The Hazard Detection Unit (Hazard_Detection_Unit) is a purely combinational module that monitors two hazard conditions each cycle and generates the appropriate pipeline control signals.

Priority 1 — Load-Use Hazard (Stall)

A load-use hazard occurs when a LW instruction in the EX stage writes a register that the very next instruction (currently in ID) needs to read. Since the data from memory isn't available until the end of the MEM stage, the pipeline must stall for one cycle.

Detection condition:

if (ID_EX_MemRead &&
   ((ID_EX_rd == IF_ID_rs1) || (ID_EX_rd == IF_ID_rs2)) &&
   (ID_EX_rd != 0))

Response — 3 simultaneous actions:

Signal	Value	Effect
`PCWrite`	0	Freeze PC — re-fetch same instruction next cycle
`IF_ID_Write`	0	Freeze IF/ID — hold the instruction being decoded
`ID_EX_Flush`	1	Insert bubble — zero all control signals in ID/EX

This creates one pipeline bubble between the LW and its dependent instruction, giving the load result time to appear in MEM_WB_WriteData. The MEM/WB forwarding path (ForwardA/B = 01) then delivers the correct value to the ALU in the next cycle.

Load-Use Hazard — Pipeline Timeline

Cycle	IF	ID	EX	MEM	WB
N	INSTR2	INSTR1	`LW x7`	—	—
N+1 ⚠️	INSTR2 🔒	INSTR1 🔒	`BUBBLE`	`LW x7`	—
N+2	INSTR3	INSTR2	INSTR1	`BUBBLE`	`LW x7` ✅

🔒 Frozen — PCWrite = 0, IF_ID_Write = 0

⚠️ Stall inserted — ID_EX_Flush = 1 injects a bubble into EX

✅ MEM/WB Forwarding fires — ForwardA = 2'b01 delivers load result to INSTR1 in EX

Priority 2 — Branch Taken Flush

When branch_taken is asserted from the EX stage, two instructions fetched along the wrong path (one in IF/ID, one in ID/EX) must be killed.

Detection condition:

if (branch_taken) begin
    IF_ID_Flush = 1'b1;   // kill wrong-path instruction in IF/ID
    ID_EX_Flush = 1'b1;   // kill wrong-path instruction in ID/EX
end

PCWrite and IF_ID_Write remain 1 so the correct branch target is fetched immediately. The 2-cycle branch penalty is unavoidable with EX-stage resolution but is far better than the 3-cycle penalty of MEM-stage resolution.

⚡ Forwarding Unit

The Forwarding Unit (Forwarding_Unit) eliminates most RAW data hazards without stalls by routing results from later pipeline stages back to the ALU inputs. It generates two 2-bit control signals each cycle.
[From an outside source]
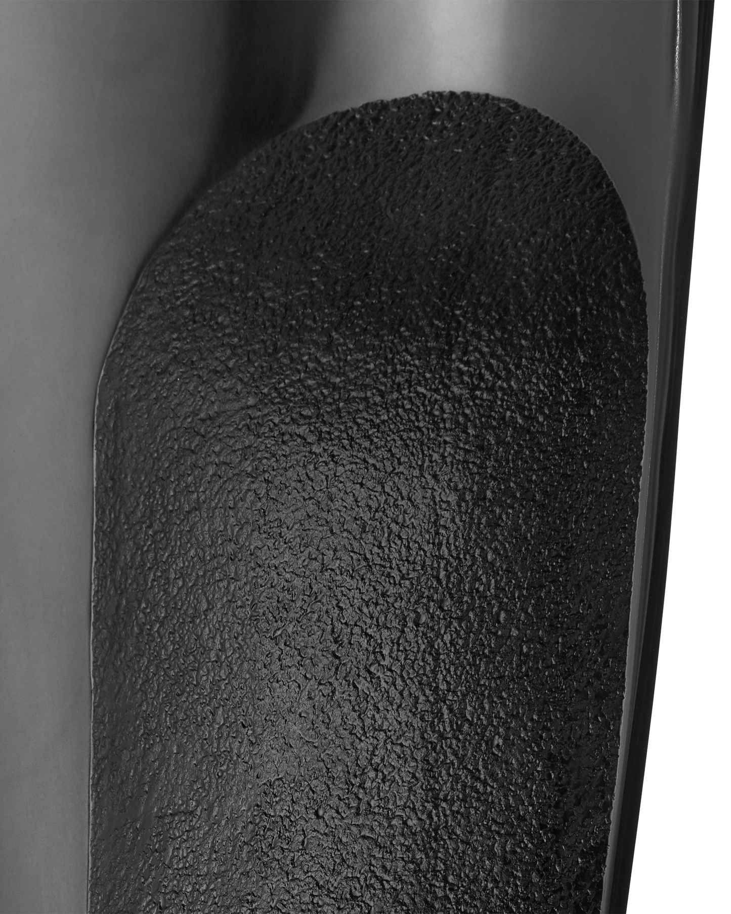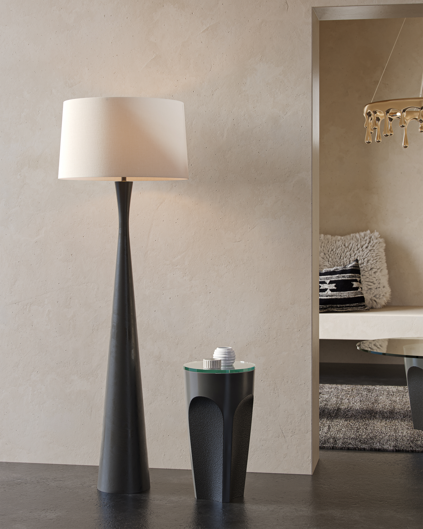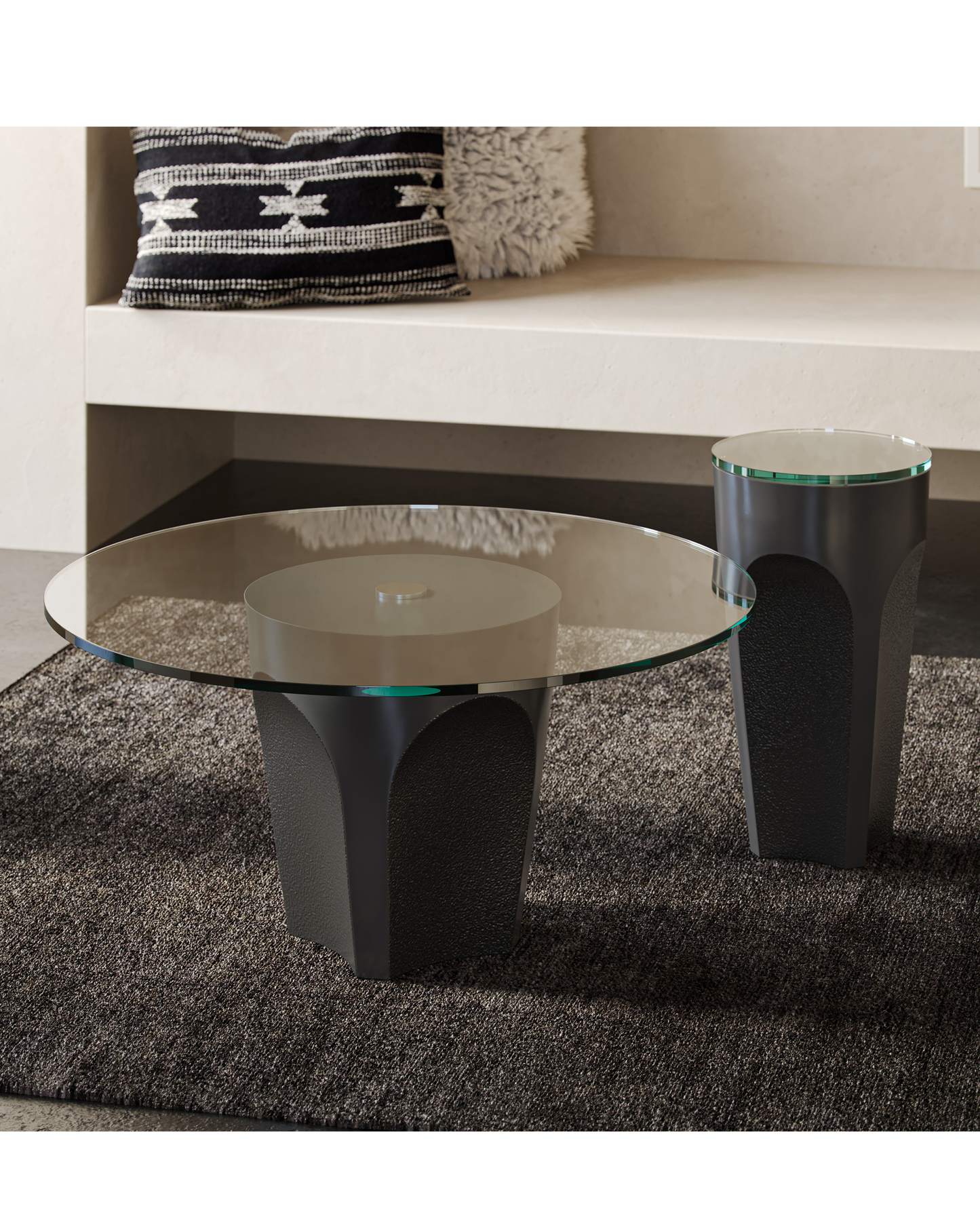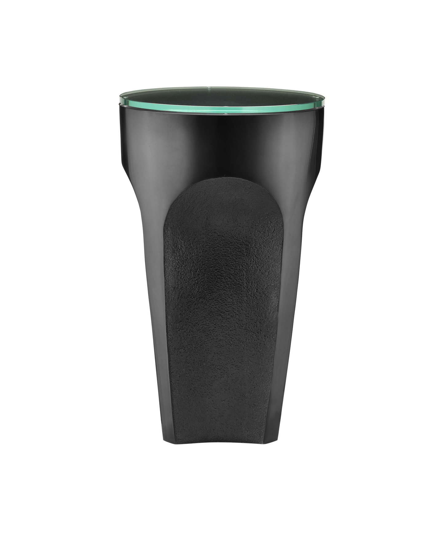 The Lemy Black Drinks Table is a mix master of shapes and textures. Made of stainless steel in a black finish, the drinks table has textural indentions that look as if they have been carved out of the metal. The contemporary piece is topped with a tempered glass top.

ForwardA / ForwardB Encoding

Value	Source	Meaning
`2'b00`	`ID_EX_rs1/rs2_data`	No forwarding — use register file value
`2'b10`	`EX_MEM_alu_result`	EX hazard — forward from ALU output (1 cycle old)
`2'b01`	`MEM_WB_WriteData`	MEM hazard — forward from writeback (2 cycles old)

Priority Logic

EX forwarding takes priority over MEM forwarding — if the same register is being written by both EX/MEM and MEM/WB (rare but possible in a correctly-running program), the most recent value (EX/MEM) wins:

// EX hazard — highest priority
if (EX_MEM_RegWrite && (EX_MEM_rd != 0) && (EX_MEM_rd == ID_EX_rs1))
    ForwardA = 2'b10;

// MEM hazard — only if EX is not also writing this register
if (MEM_WB_RegWrite && (MEM_WB_rd != 0) &&
    !(EX_MEM_RegWrite && EX_MEM_rd != 0 && EX_MEM_rd == ID_EX_rs1) &&
    (MEM_WB_rd == ID_EX_rs1))
    ForwardA = 2'b01;

The same logic applies symmetrically for ForwardB / ID_EX_rs2.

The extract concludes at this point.